Wherever an image appears in the data, omit it and copy all the remaining text word for word.
*** Given data Section Begins ***
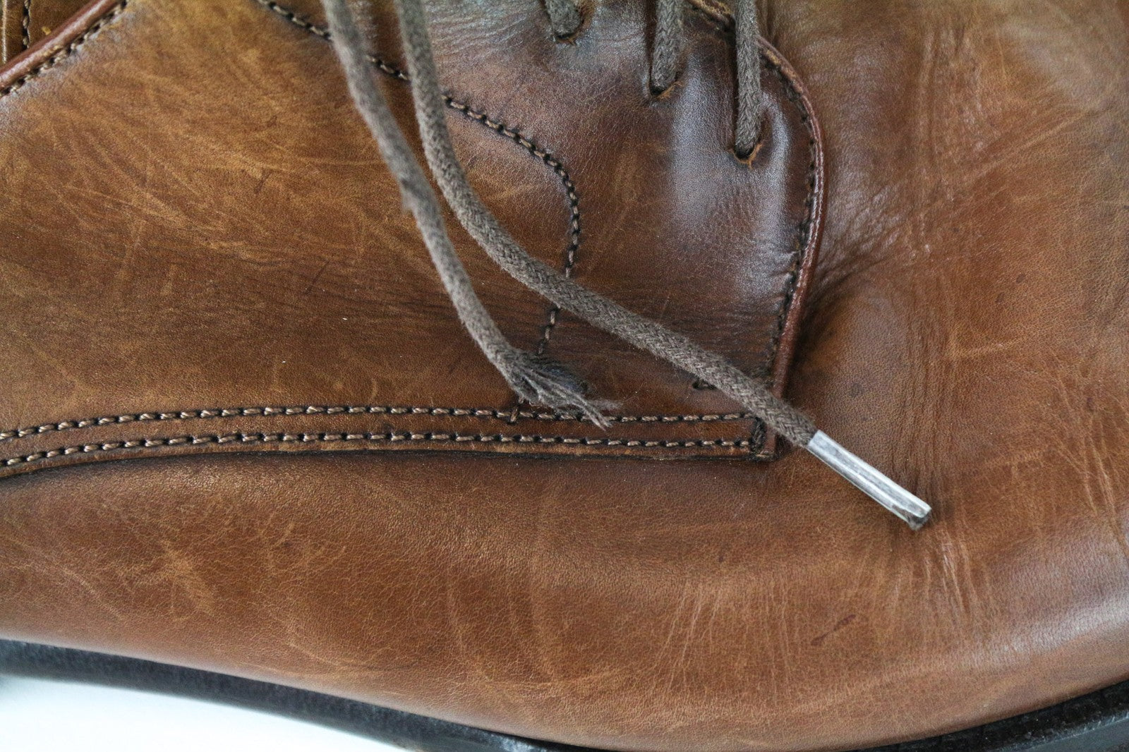 CONDITION: Used. Has wrinkles, dents, rubbed off marks, stains and scratches. Tear in the left shoe, broken right shoe's lace. Please see added photos.
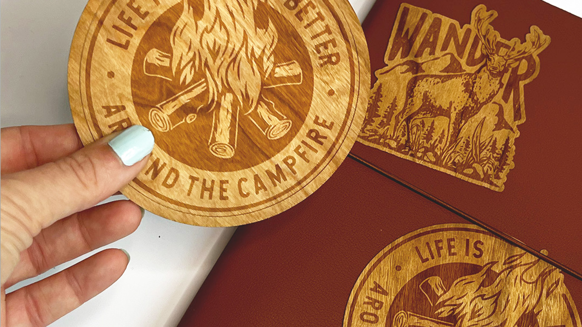 - Seasonal storytelling — fall leaves, pumpkins, mountain ranges, and earthy logos look incredible when engraved into wood.
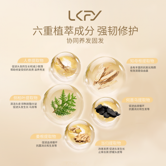 露卡菲娅防脱洗发水创新融合 “六重植萃成分 + 专研防脱因子 + 生物萃取技术” 三大技术,实现 “护发 - 防脱 - 稳固发根 - 养发” 四维闭环,里面添加了人参,当归,何首乌,知母,生姜,侧柏叶等。这些天然植物精萃能够深入毛囊,促进头皮血液循环,增强毛囊活性,减少掉发并滋养发根,让头发更加乌黑亮丽、强韧有光泽。再加上独家专研防脱发因子和咖啡因的助攻,能够加速头皮血液循环,平衡头皮水油,维稳头皮,还能唤醒毛囊状态,改善头皮环境,直接从根源处解决脱发问题,实现 “护发 - 防脱 - 稳固发根 - 养发” 四维闭环。
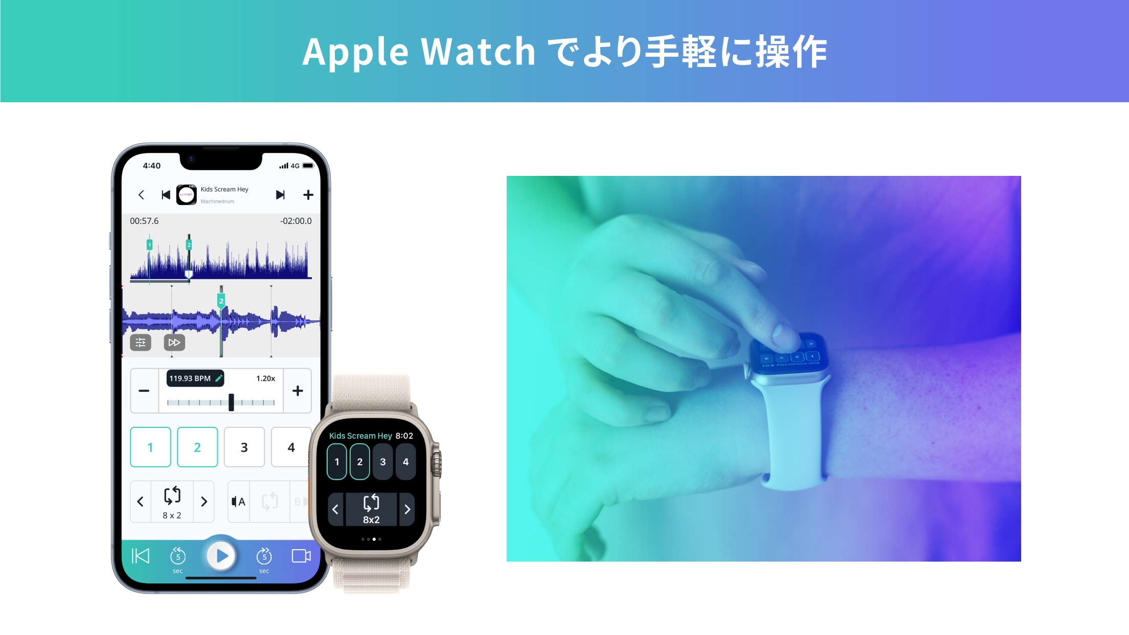 iPhoneをどこかに置いて離れたところから操作したい場合は、Apple Watchの「DanceTribe Remote」アプリでMarker/Loop/撮影などの操作ができます。
*** Given data Section Ends ***
• [Answer box]:
 CONDITION: Used. Has wrinkles, dents, rubbed off marks, stains and scratches. Tear in the left shoe, broken right shoe's lace. Please see added photos.
 - Seasonal storytelling — fall leaves, pumpkins, mountain ranges, and earthy logos look incredible when engraved into wood.
 露卡菲娅防脱洗发水创新融合 “六重植萃成分 + 专研防脱因子 + 生物萃取技术” 三大技术,实现 “护发 - 防脱 - 稳固发根 - 养发” 四维闭环,里面添加了人参,当归,何首乌,知母,生姜,侧柏叶等。这些天然植物精萃能够深入毛囊,促进头皮血液循环,增强毛囊活性,减少掉发并滋养发根,让头发更加乌黑亮丽、强韧有光泽。再加上独家专研防脱发因子和咖啡因的助攻,能够加速头皮血液循环,平衡头皮水油,维稳头皮,还能唤醒毛囊状态,改善头皮环境,直接从根源处解决脱发问题,实现 “护发 - 防脱 - 稳固发根 - 养发” 四维闭环。
 iPhoneをどこかに置いて離れたところから操作したい場合は、Apple Watchの「DanceTribe Remote」アプリでMarker/Loop/撮影などの操作ができます。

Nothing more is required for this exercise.